Ken Kennedy Institute's July Member of the Month: Santiago Segarra

Dr. Santiago Segarra, is an Assistant Professor of Computer Science and Electrical and Computer Engineering

Santiago Segarra

The Ken Kennedy Institute's July Member of the Month, Dr. Santiago Segarra, is an Assistant Professor of Computer Science and Electrical and Computer Engineering.

Santiago received his B.Sc. degree in industrial engineering with highest honors (Valedictorian) from the Instituto Tecnológico de Buenos Aires (ITBA), Argentina, in 2011, the M.S. in electrical engineering from the University of Pennsylvania (Penn), Philadelphia, in 2014 and the Ph.D. degree in electrical and systems engineering from Penn in 2016. From September 2016 to June 2018 he was a postdoctoral research associate with the Institute for Data, Systems, and Society at the Massachusetts Institute of Technology. Since July 2018, Dr. Segarra is an Assistant Professor in the Department of Electrical and Computer Engineering at Rice University.

His research interests include network theory, data analysis, machine learning, and graph signal processing. Santiago will also be one of the instructors for the Ken Kennedy Institute's Machine Learning Boot Camp on August 6-7, 2020.

What is your favorite book?

“Foundation” by Isaac Asimov. I first read this book as a teenager and this sparked my love for sci-fi. I remember saving pesos from here and there as a kid to buy the next Asimov’s book in my to-read list. I forgot about the content of most of these books, but I still remember that sense of wonder and intrigue. Very pure feelings and, for me, “Foundation” encapsulates those feelings of a teenage dreamer.
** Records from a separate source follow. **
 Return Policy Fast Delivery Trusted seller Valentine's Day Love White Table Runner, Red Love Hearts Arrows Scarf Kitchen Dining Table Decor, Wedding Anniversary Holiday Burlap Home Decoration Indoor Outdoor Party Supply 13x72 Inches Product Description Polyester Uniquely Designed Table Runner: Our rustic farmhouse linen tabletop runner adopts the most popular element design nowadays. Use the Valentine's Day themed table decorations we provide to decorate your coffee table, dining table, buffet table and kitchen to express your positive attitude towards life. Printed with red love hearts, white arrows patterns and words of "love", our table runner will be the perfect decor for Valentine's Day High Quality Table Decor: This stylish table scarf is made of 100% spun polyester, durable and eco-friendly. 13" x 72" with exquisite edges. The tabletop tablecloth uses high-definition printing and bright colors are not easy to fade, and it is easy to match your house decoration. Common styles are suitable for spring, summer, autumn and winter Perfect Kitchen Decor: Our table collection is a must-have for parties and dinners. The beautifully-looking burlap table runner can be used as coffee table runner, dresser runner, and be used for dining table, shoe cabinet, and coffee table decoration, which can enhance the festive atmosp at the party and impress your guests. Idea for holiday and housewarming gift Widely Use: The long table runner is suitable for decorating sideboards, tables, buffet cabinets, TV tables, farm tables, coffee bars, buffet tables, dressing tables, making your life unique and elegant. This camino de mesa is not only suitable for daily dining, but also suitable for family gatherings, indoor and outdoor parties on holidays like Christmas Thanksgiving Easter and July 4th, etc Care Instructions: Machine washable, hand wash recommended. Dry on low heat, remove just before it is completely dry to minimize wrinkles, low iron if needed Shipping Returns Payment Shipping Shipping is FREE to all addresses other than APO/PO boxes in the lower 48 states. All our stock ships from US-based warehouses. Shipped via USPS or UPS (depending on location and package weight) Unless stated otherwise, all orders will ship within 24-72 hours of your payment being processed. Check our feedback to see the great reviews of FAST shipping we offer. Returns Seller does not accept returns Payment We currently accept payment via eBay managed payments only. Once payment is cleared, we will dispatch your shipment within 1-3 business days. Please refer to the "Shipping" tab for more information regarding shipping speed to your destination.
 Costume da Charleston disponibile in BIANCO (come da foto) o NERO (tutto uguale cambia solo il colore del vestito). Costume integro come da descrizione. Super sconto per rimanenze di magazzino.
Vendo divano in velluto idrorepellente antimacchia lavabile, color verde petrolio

How do you explain your research in one sentence?

I combine fundamental concepts from Network Science with modern tools from Machine Learning and Signal Processing to leverage the structure of networks for the better understanding of data defined on them.
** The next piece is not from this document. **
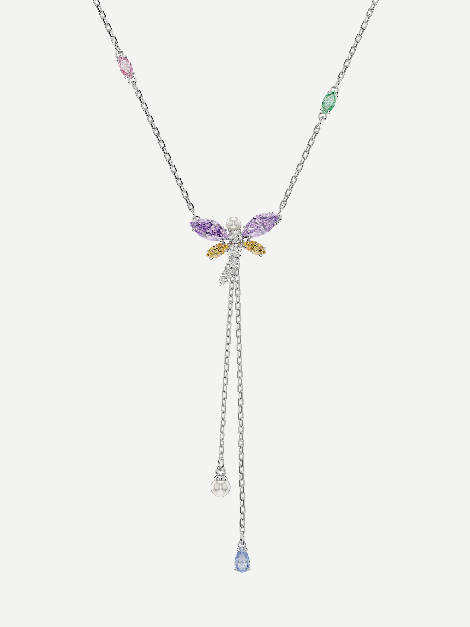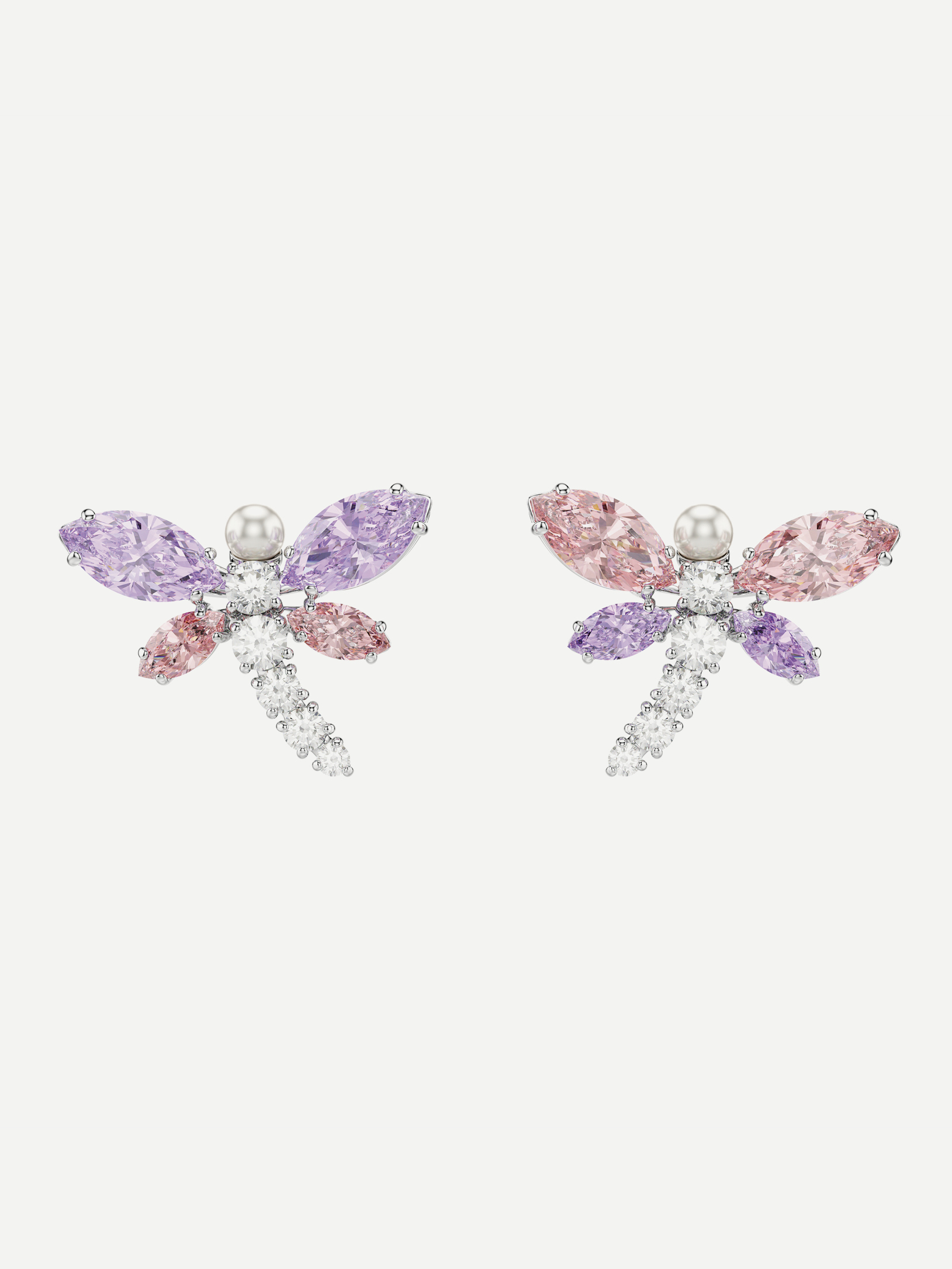 If the duo’s debut collaboration leaned toward polished classicism, this chapter feels altogether more playful. The collection draws inspiration from the magic of the natural world, translating delicate forms into jewellery through Swarovski’s signature crystal craftsmanship. Dragonflies shimmer across earrings and pendants in both literal and abstract interpretations, their wings rendered in prismatic stones that catch the light with every movement.

What is your favorite aspect of your research?

I work on tools and concepts that have potentially very broad applicability, and this allowed me to collaborate and learn from multiple disciplines. I might have in the same day meetings discussing projects on genetics, psychology, and urban planning. This is the beauty of working on methodologies that are transversal to domains of knowledge.

The second aspect is that the research covers a wide range of the theory-to-practice spectrum. Some of the papers that we write are essentially math papers, with theorems, propositions, and several pages of mathematical proofs. By contrast, other papers are very practical and are concerned with the computational implementation of the tools developed. This diversity keeps the research interesting and appealing to different types of students.
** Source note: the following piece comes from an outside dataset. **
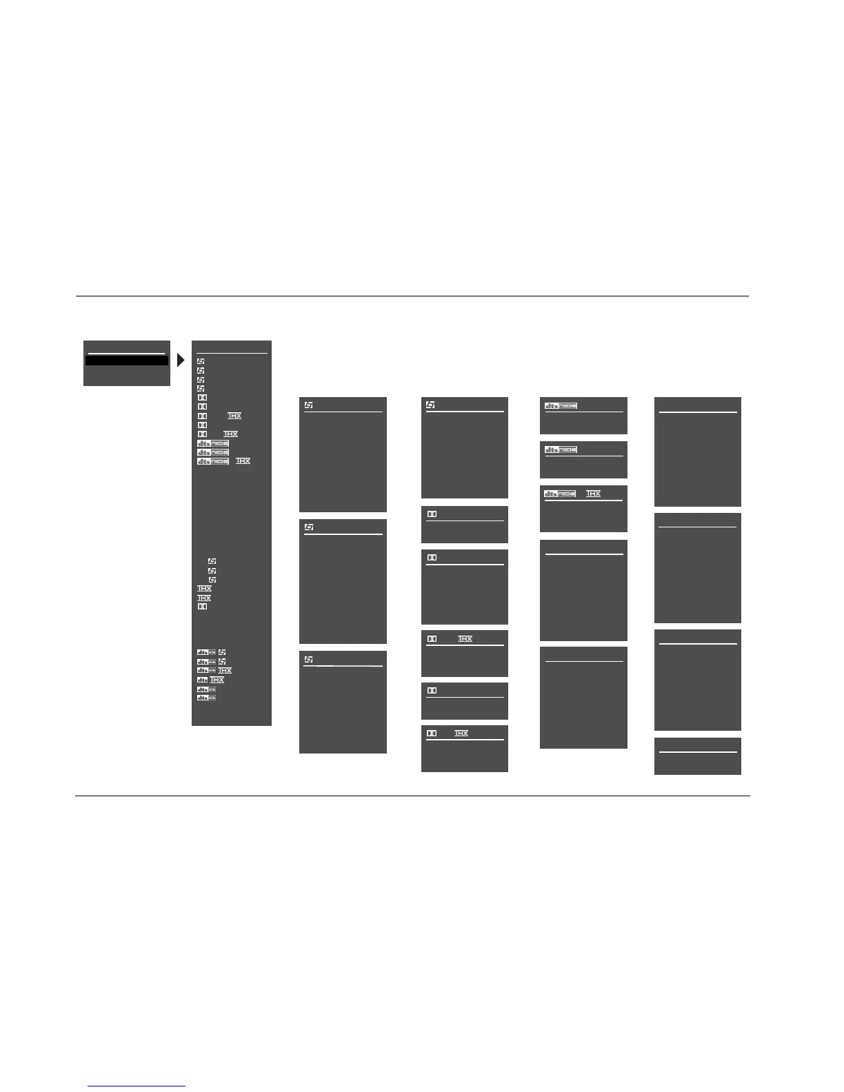 next page. The parameters on the left side of these menus differ from listening mode to listening mode. The settings on the

What challenges do you see in your research that you didn't expect?

Interdisciplinarity can be a double-edged sword. Although the success stories are a lot of fun, there are many projects that die off mainly due to language barriers between disciplines, miscommunication, or lack of alignment of the expectations. Overcoming these barriers is certainly a challenge in any new collaboration.

What is a favorite experience with the Ken Kennedy Institute or describe a time the Ken Kennedy Institute supported you in the past?

Following the analogy of the energy barrier, the Ken Kennedy Institute truly acts as a catalyst bringing down the energy needed for these collaborations. Apart from condensing researchers that are naturally open to computational approaches in their disciplines, the monthly lunches serve the very useful purpose of getting to know what everyone is working on in a relaxed setting.